Muscle MRI in our patients shows both similarities and distinctions. In the thigh level, there is a tendency of concentric distribution of fatty infiltration in anterior muscles with vastus intermedius more severe than other quadriceps. Adductor magnus is affected the most among thigh adductor muscles, but posterior thigh muscles are affected differently among patients. This distribution is similar to previous researches that vastus intermedius and lateralis were said to be the most affected muscles followed by biceps femoris and semimembranosus, whereas the rectus femoris, adductor longus, semitendinosus, and gracilis were usually spared [8, 20]. In the calf level, tibialis anterior and extensor hallucis longus are the most severely affected, which is in accordance with clinical features of ankle dorsiflexion weakness and also the typical “hanging big toe” sign [9, 21]. The early involvement of tibialis anterior has also been reported in several researches, but our study further emphasizes extensor hallucis longus is also affected at the early stage [8]. Besides, one of our patient also presented with fatty infiltration of axial muscles, which was also seen in other studies [18]. Meanwhile, the asymmetrical involvement of both limbs is present in our patients, which is also seen in previous reports, and this could be another MRI feature of the disease [18].

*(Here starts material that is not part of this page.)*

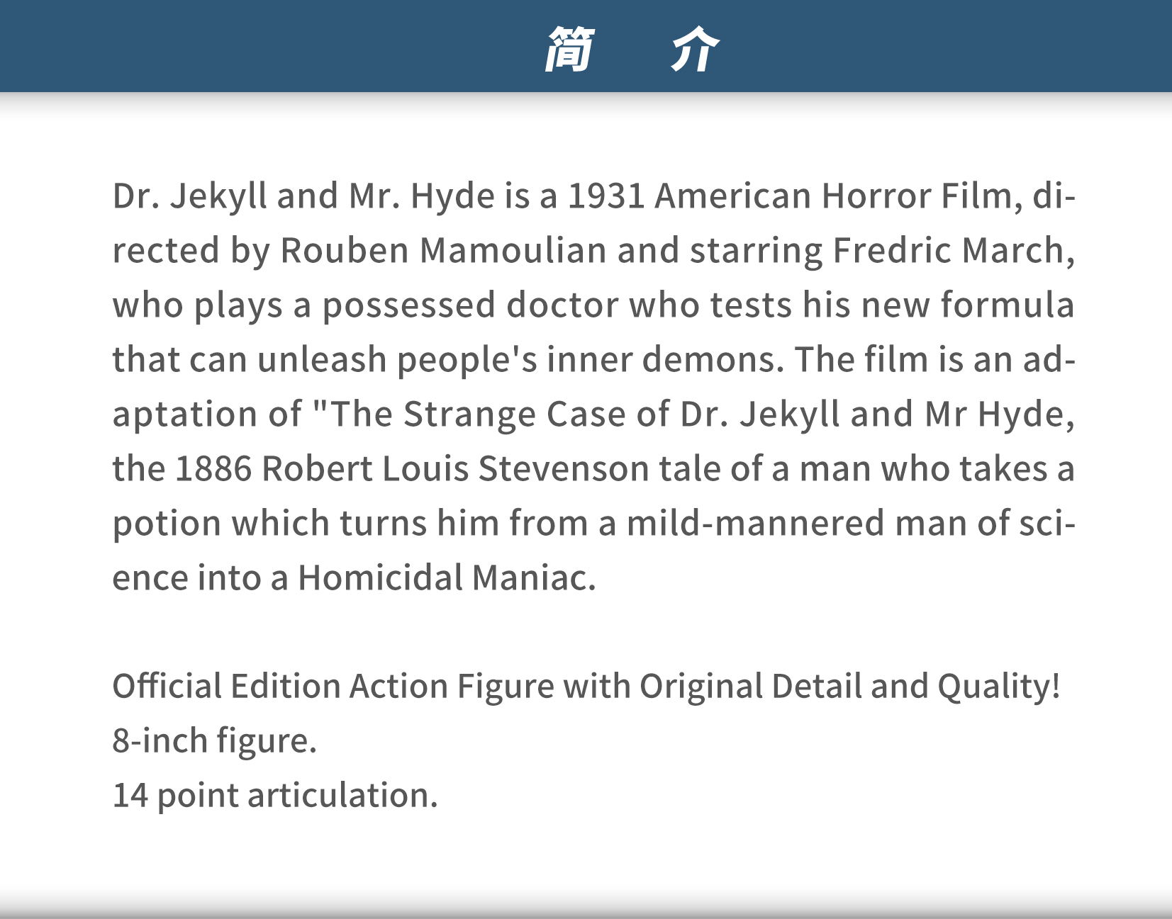 现货 Mego 化身博士 海德先生 Jekyll & Hyde 8英寸挂卡

Muscle pathological changes in our patients including type 2 fiber predominance, multi-cores and abnormal mitochondria, were relatively moderate and non-specific, but were in accordance with previous researches [8, 9, 16, 22]. Multi-cores on muscle biopsy of patient 6 were also reported in some previous articles in patients with the same MYH7 mutation p.E1508del [15, 23, 24]. This could be a specific pathological feature of this genotype. Other reported pathological features of the disease include central core, rimmed vacuole et al., suggesting muscle pathology could not be the definite diagnostic criteria of Laing distal myopathy but only provide clues [25, 26]. Muscles selected for biopsy also affect the results that in our study, pathological changes of biceps were relatively slighter than tibialis. Therefore, choosing more severely affected muscles for biopsy in also important, which can be assisted by MRI or other imaging techniques.
In four MYH7 gene mutations detected in our patients, three are in-frame deletions. Referring to published articles on Laing distal myopathy, common mutation types also include missense mutations, and in-frame indels. The p.K1617del and p.E1508del have also been reported in a few studies [5, 6, 8, 9, 12, 15, 19, 23, 24].Besides these in-frame indels in our study, other reported mutations include p.E1687del, p.K1729del, p.E1669del, p.K1729dup, p.L1793del, p.K1784del [5, 9, 11, 16, 26–28]. Therefore, in-frame deletions or duplications are common types of mutations in Laing distal myopathy. One presumable mechanism is similar to those change microsatellite allele size [6, 29].
In conclusion, our study further expands the clinical phenotypes and genotypes of Laing distal myopathy. Besides muscle strengths and cardiac monitoring, we stress the importance of respiratory evaluation, especially polysomnography, in order to find early sleep apnea. Concentric fatty infiltration of anterior thigh muscles together with early involvement of tibialis anterior and extensor hallucis longus on MRI might be an imaging feature of the disease. Meanwhile, in-frame deletions of MYH7 gene are common causes of Laing distal myopathy.